Une réussite parce que les autres recueils de nouvelles m'avaient un peu déçue, surtout "la rêveuse d'Ostende".Mais là, c'est différent chaque nouvelle, bien construite, ne nous laisse jamais sur notre faim; c'est en fait un tout (avec le petit fil conducteur de Rita) proposant une réflexion sur la nature humaine, la repentance, la responsabilité envers les autres. Avec de l'humour et de l'esprit comme toujours. La nouvelle est un art difficile et E.E Schmitt y est de plus en plus à l'aise. Un bon moment.

Pieronnelle - Dans le nord et le sud...Belgique/France - 76 ans - 25 août 2010


si cela pouvait être vrai 7 étoiles

4 histoires courtes, directes sans fioritures sur la possibilité de se racheter d'actes ayant entrainé d'une manière volontaire ou pas des conséquences irréversibles pour autrui.

Comment notre manière d'agir, l'orientation que l'on donne à notre vie est influencée par notre passé et les évènements que l'on subit.

A lire et surtout à méditer.

Thierry13 - - 53 ans - 25 août 2010


Un très très très bon moment de lecture ! 10 étoiles

J'ai beaucoup aimé ce livre ! La lecture est fluide, les histoires sont très différentes et tellement semblables (comme l'explique EE Schmitt). Le format "nouvelles " est un de ceux que je préfère (Gavalda, Bradburry aussi), ces histoires courtes ne vous laissent jamais indemnes; elles frappent vite et bien! Ces nouvelles sont certes courtes et pourtant, on les connait bien ces personnages : on comprend tout d'eux en quelques lignes !
Le journal (en deuxième partie du livre) est une partie que j'adore : cela m'intéresse de savoir ce que pense un auteur sans se "cacher" derrière ses personnages : je suppose que cela n'est pas un exercice facile pour lui !
Mais voilà, il y a un bémol ! Le livre est trop "court" (!) et une seule journée en compagnie de ce livre, ce n'est pas assez !... Déception ! ...

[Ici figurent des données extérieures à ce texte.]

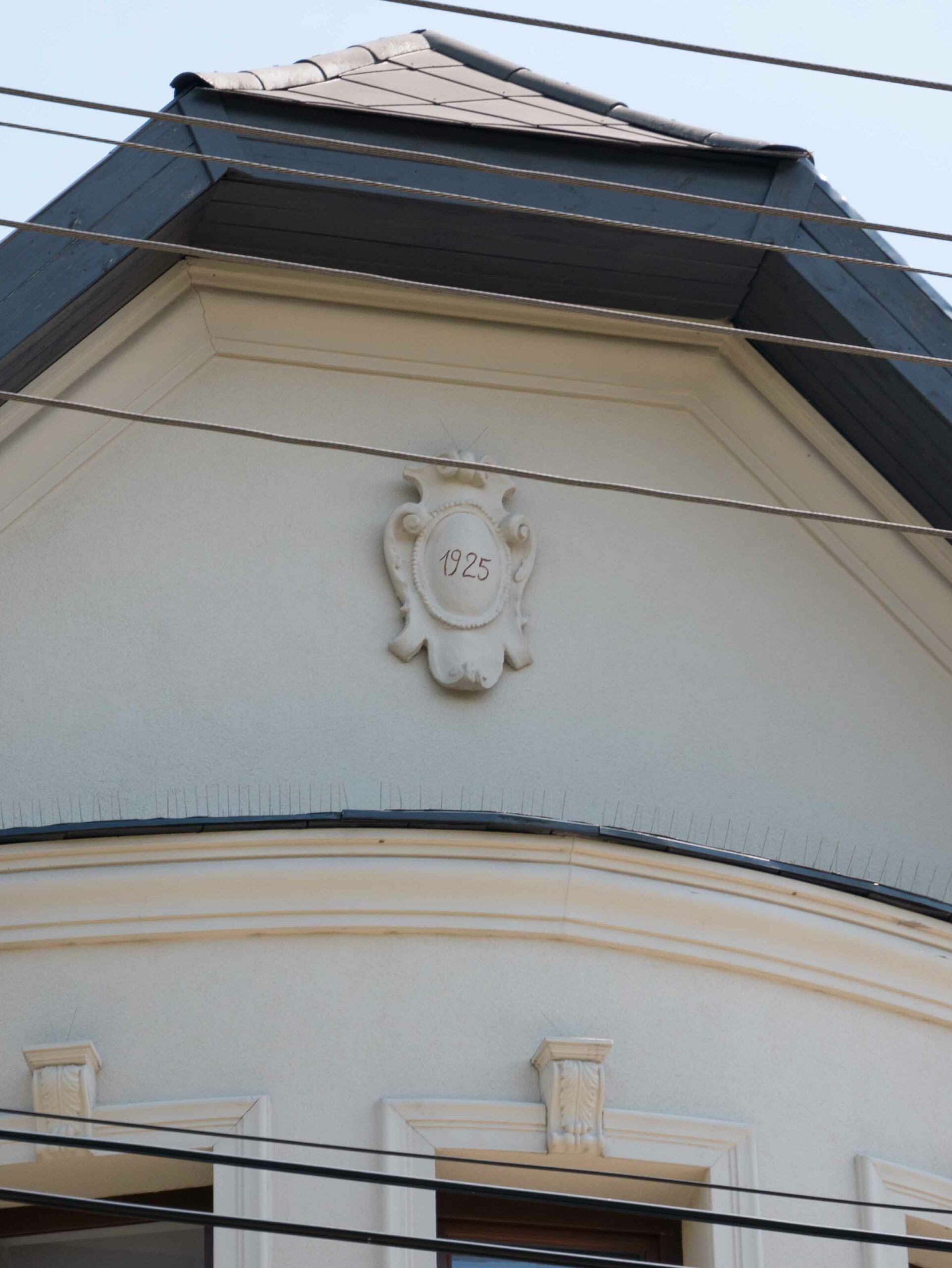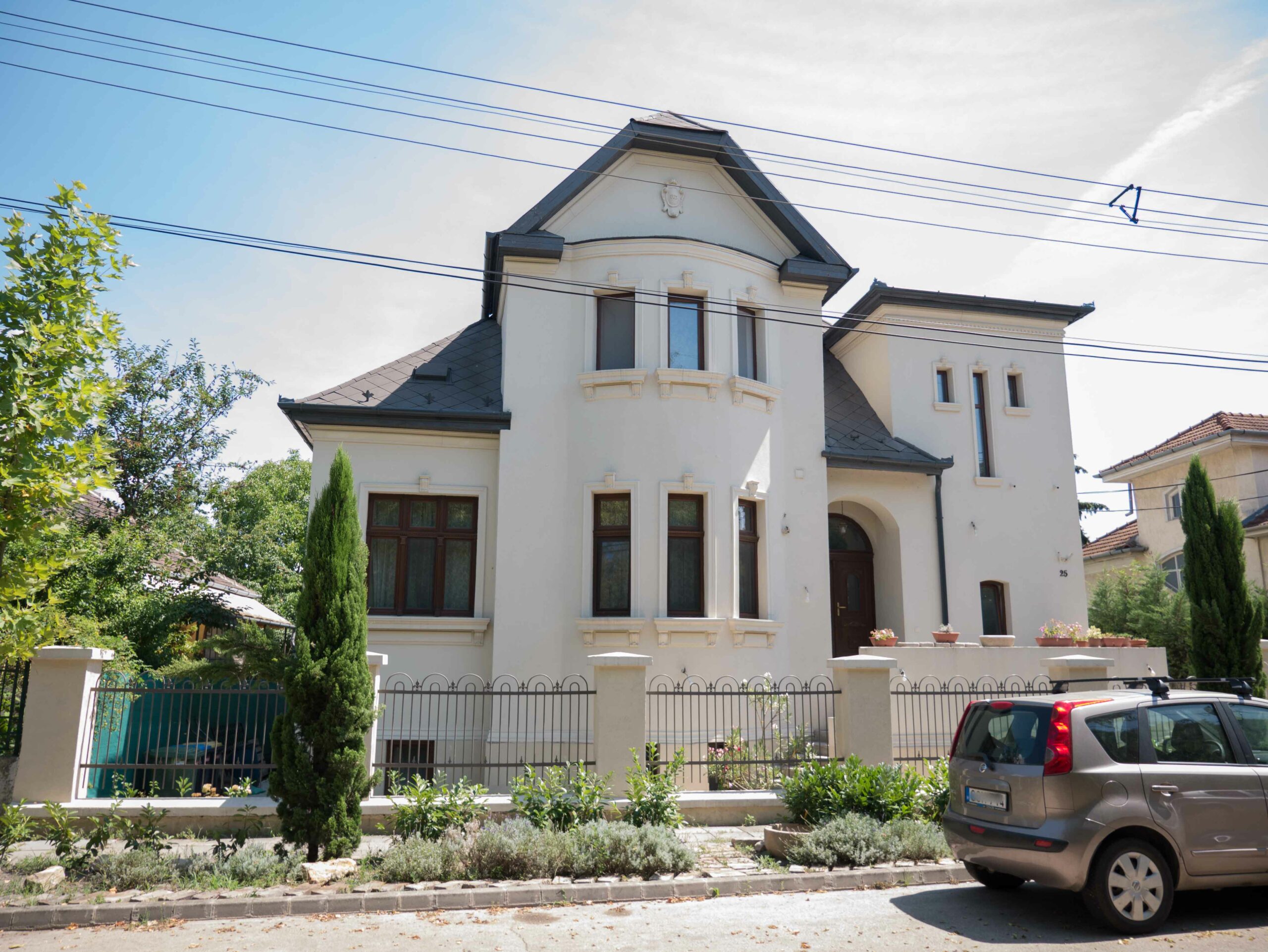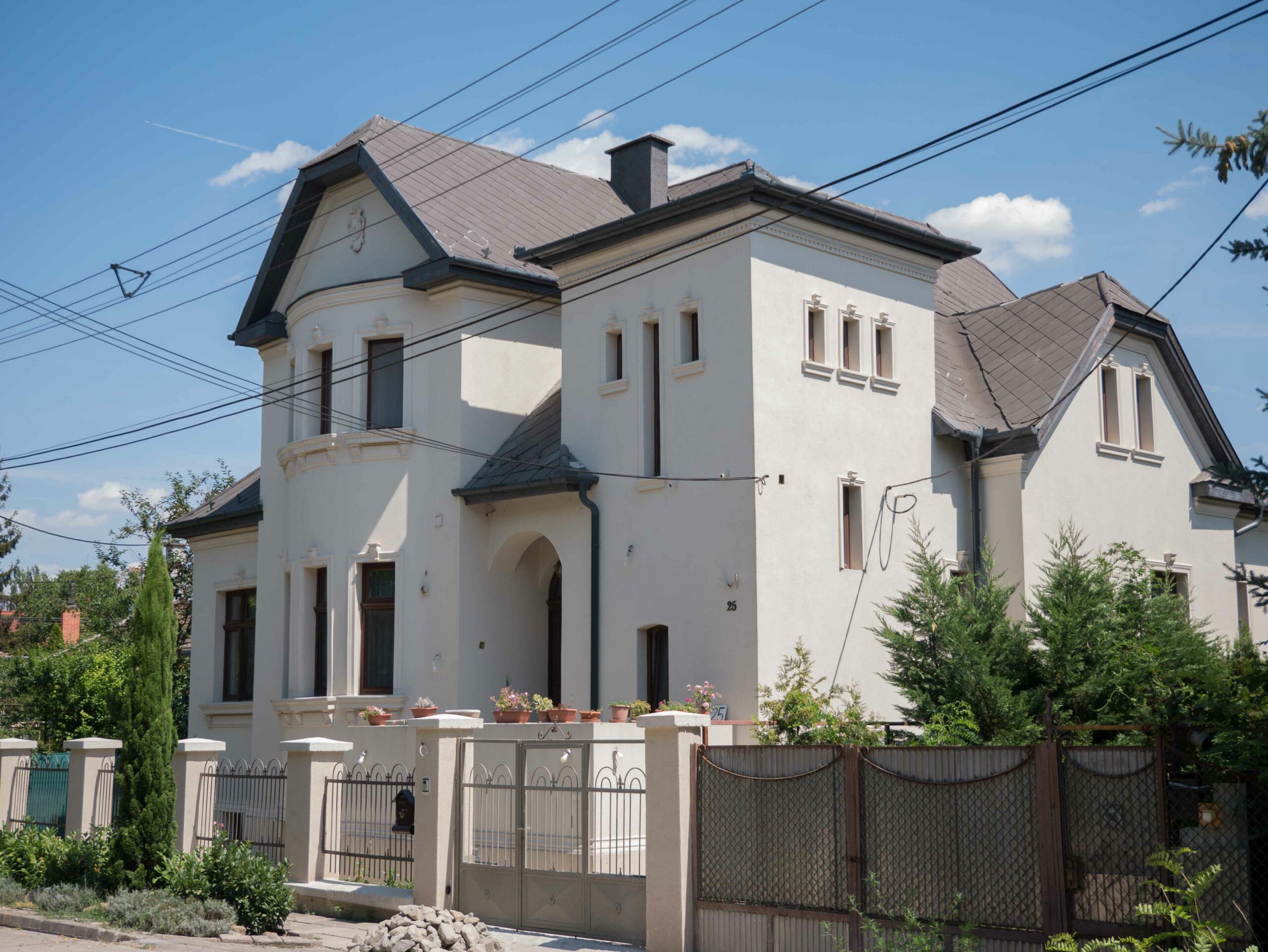 „Utcaképben jelentős szerepet játszó, előkertes, szabadon álló, igen mozgalmas tömegű és tetőzetű, tornyos, emeletes szecessziós nyaralóvilla. Rusztikus kőlábazatú erősen kiemelt alagsori szint. Torony párkánya alatt végigfutó szecessziós fríz. Eredeti, téglaoszlopos, kőlábazatos kerítés (a kocsi behajtó kapuja új). A lépcsősen megközelíthető bejárat kialakítása azonos a Pozsony utca 26/a-b villáéval.” (Perczel, 2010)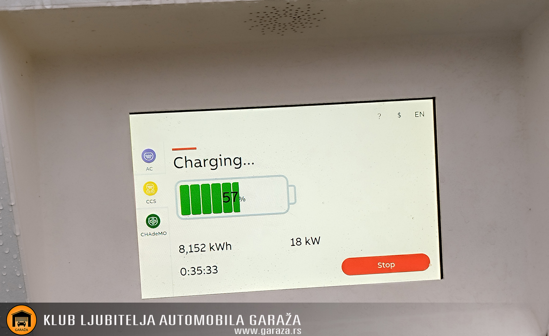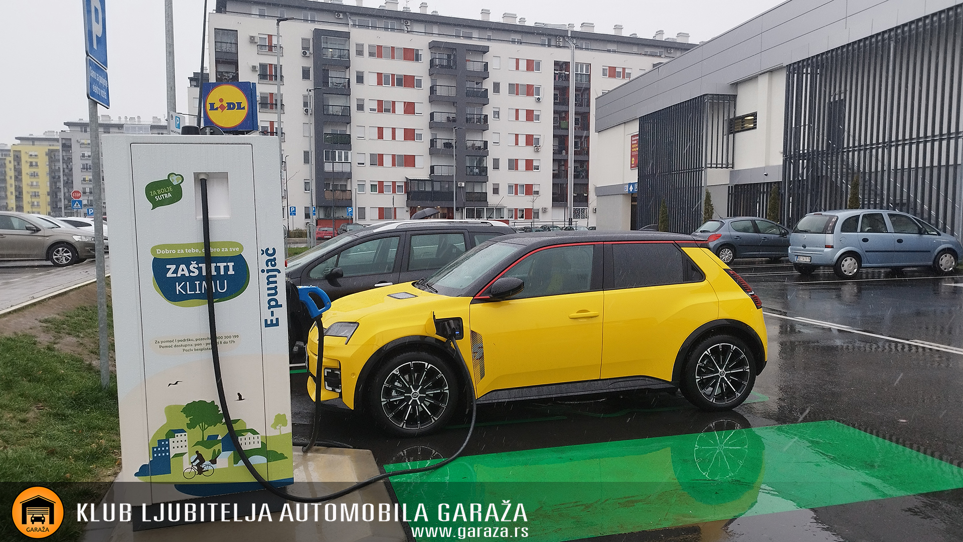 Tokom nedelju dana korišćenja „petice“ trebalo je povremeno dopuniti bateriju. Iskoristio sam mogućnost besplatnog korišćenja punjača na parking LIDL prodavnice u naselju Galenika, u Zemunu. Ovde je moguće dopuniti svoje električno vozilo, uz ograničenje od sat vremena korišćenja dnevno. Nakon sat vremena punjenje se automatski isključuje. Doduše, primetili smo da ista vozila dolaze više puta u toku dana tako da se, uz pauzu, verovatno može iskoristiti i više od sat vremena dnevno za punjenje.

Mandarine - - 52 ans - 20 août 2010


"Les fleurs en fonction du bouquet" 9 étoiles

C'est un bouquet original et dense que nous propose E-E Schmitt. Aucune de ses quatre nouvelles ne démérite dans cet ouvrage.
Tous les personnages vont être face à des choix fondamentaux dans leur existence, et devront ou non les assumer par la suite.
Un recueil philosophique qui nous renvoie à travers ses histoires si différentes à nos propres choix: "Descartes ou Spinoza?"

Plus que le côté philosophique que nous propose l'auteur dans ces notes d'écriture, c'est sa vision de la nouvelle qui m'a le plus interpellé.
Moi aussi, je considérais que la nouvelle était une genre mineur de la littérature."Réduire un récit à l'essentiel, éviter les péripéties inutiles, ramener une description à une suggestion, dégraisser l'écriture, exclure toute complaisance d'auteur, cela prend du temps, cela exige des heures d'analyse et de critique."
Vous avez changé ma vision du genre M. Schmitt.